Roger G. Miller, PhD
Dr Miller is a historian and the director of the Contract History Program for the Center for Air Force History headquartered at Boiling AFB in Washington DC. A native of San Antonio, Texas, Dr Miller earned his bachelor's and master's degrees at North Texas State University in Denton, Texas, and his doctorate at Indiana University, in Bloomington, Indiana.
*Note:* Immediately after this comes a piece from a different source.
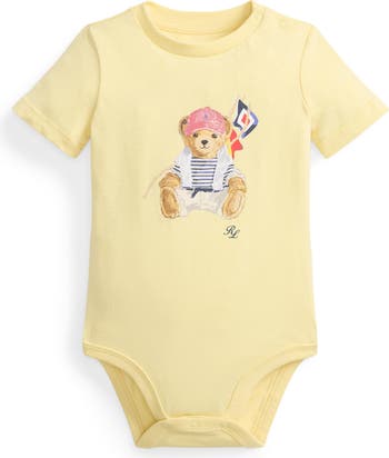 The brand's signature bear brings retro flair to this precious little bodysuit made of breathable cotton and designed with easy snaps for quick changes.

A former officer in the US Air Force, Dr Miller entered the Air Force history program in 1980. As a historian, he has served at Lowry Technical Training Center, Denver, Colorado; Headquarters Air Training Command, Randolph AFB, Texas; Headquarters Seventeenth Air Force, Sembach AB, Federal Republic of Germany; and Headquarters US Air Force in the Pentagon. He joined the book-writing program in the Center for Air Force History in January 1993. Among his responsibilities, Dr Miller writes, publishes, and lectures widely on many aspects of airpower history. His primary areas of interest include air logistics, air transportation, and early military aviation history.
Dr Miller's most recent book, To Save a City: The Berlin Airlift, 1948-1949, was published by Texas A&M University Press in November 2000, and his articles and reviews have appeared in the Journal of American History, Indiana Magazine of History, Military History, Air Power History, The Public Historian, Prologue, The Journal of Air Force Logistics, and Camaraderie. His most recent contributions to the Office of Air Force History monograph series include A Preliminary to War. The 1st Aero Squadron and the Mexican Punitive Expedition of 1916 and Billy Mitchell: Stormy Petrel of the Air, both published in 2004. Dr Miller is currently writing a full-length biography of World War II air leader Lieutenant General Lewis Hyde Brereton.